2007-05-14 07:50:11 · answer #4 · answered by stepintostep 4 · 1 0

Although raising children is very rewarding and good fun, it is hard work. No amount of money can change that. Your decision to have a baby should not be based solely on your financial status. A baby can put a tremendous strain on any relationship, you need to be sure that your relationship with your partner is rock steady and that you are both ready for such a commitment. You should also make sure that you are willing to put any goals that are for your own development or pleasure on the back burner for a while as a baby completely takes over your life. You sound as though you are quite young and have a lot of living to do first. Its up to you though at the end of the day.

2007-05-14 07:45:23 · answer #5 · answered by AD 2 · 0 0

When you say "school" do you mean school or university? Because if you're still in school, it's probably not a good idea to have a baby yet, particuarly if your relationship has been unstable in the past. And are you sure you're able to afford the 3 million dollar house? And would you be able to look after a baby, realistically? Do you both work? Who would look after the baby or would you hire a nanny? Make sure you think of and discuss everything before even going there.

2007-05-14 07:39:17 · answer #6 · answered by lauren_1992 2 · 1 0

Why not wait 2 years than to have the baby and see how the relationship goes. Moving with a baby would be a pain. Plus getting them to sleep in a new enviroment no matter how much the house costs.

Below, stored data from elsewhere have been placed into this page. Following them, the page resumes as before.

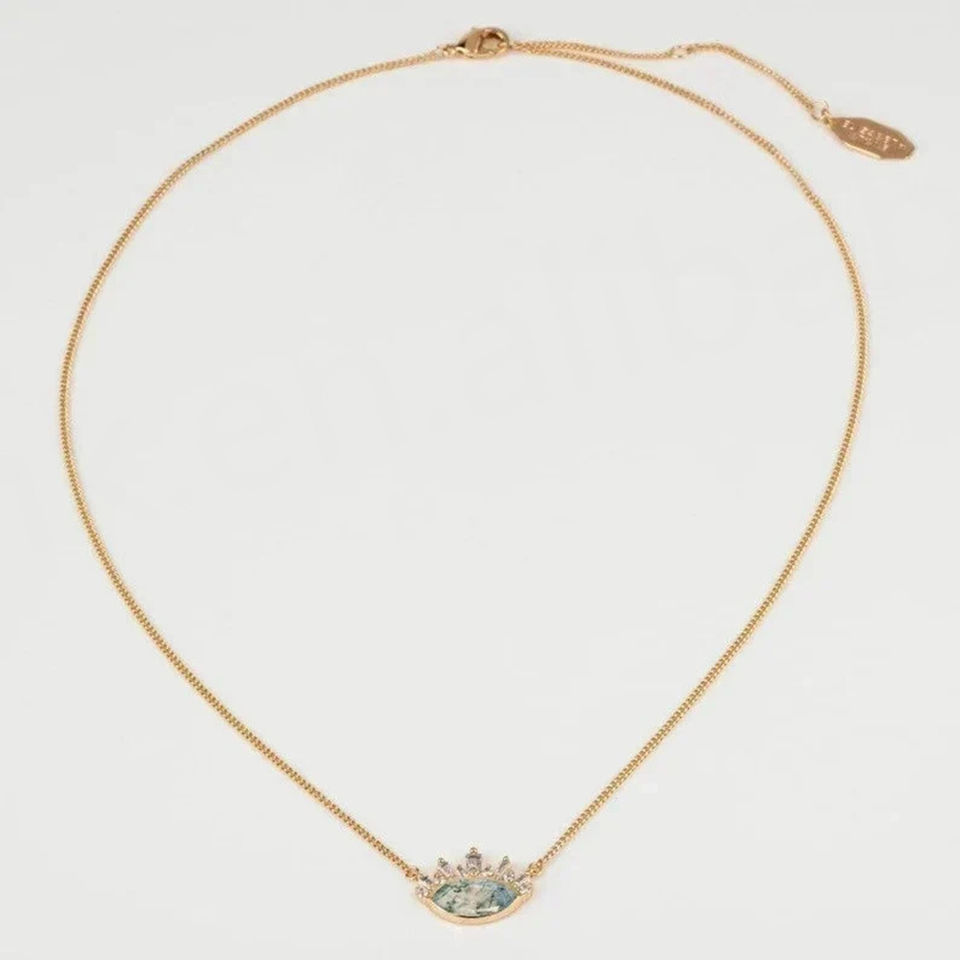 Luxury 925 Sterling Sliver Chain Gold Plated Half Halo Jewelry Eye Shape Pendant Moss Agate Necklace
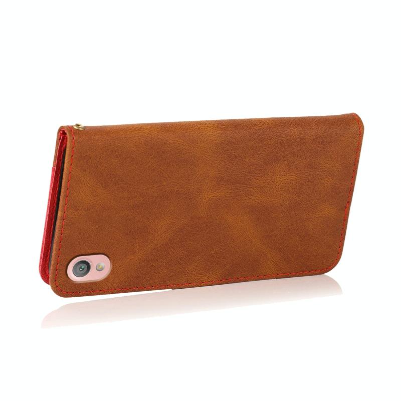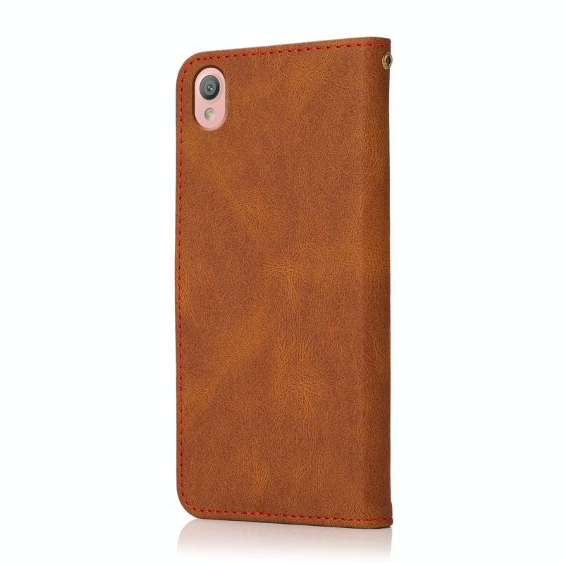 Θήκη τηλεφώνου δερμάτινη με διπλή ραφή για Sony Xperia L1 (Καφέ-Κόκκινο)
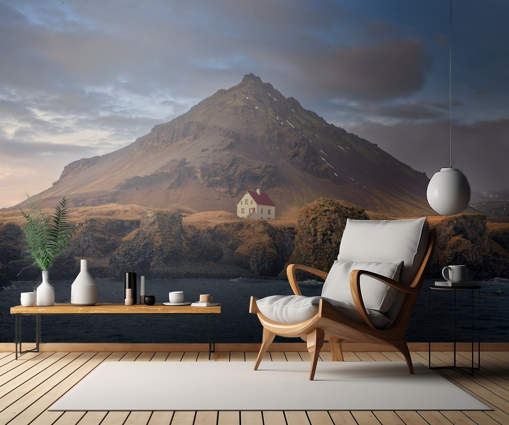 Dyk in i den spektakulära isländska naturen med vår väggtapet "Arnarstapi", skapad av den talented Carlos Cremades.

2007-05-14 07:40:56 · answer #7 · answered by lillilou 7 · 0 0

If you keep splitting with your partner, why do you think now is the time to have a baby? To keep him with you? It doesn't work like that unfortunately. If he's not staying with you now, a baby won't make him either.

Why not give the relationship a go until you're done with school? Then you can see how things are going and make a more rational decision.

2007-05-18 07:39:44 · answer #8 · answered by Cat375 3 · 0 0

I saw in one of your previous questions that your are 16 or 17. You must have one heck of a job to be able to afford a 3 million dollar house as a gift to yourself. Anyhow, if you want my opinion you don't sound ready to have a baby, you should be a bit more settled first.

2007-05-14 07:42:43 · answer #9 · answered by Stuck in the middle of nowhere 7 · 2 0

If you keep breaking up, there is obviously something not right in your relationship. Either find out what the problem is and resolve it, or break up permanently.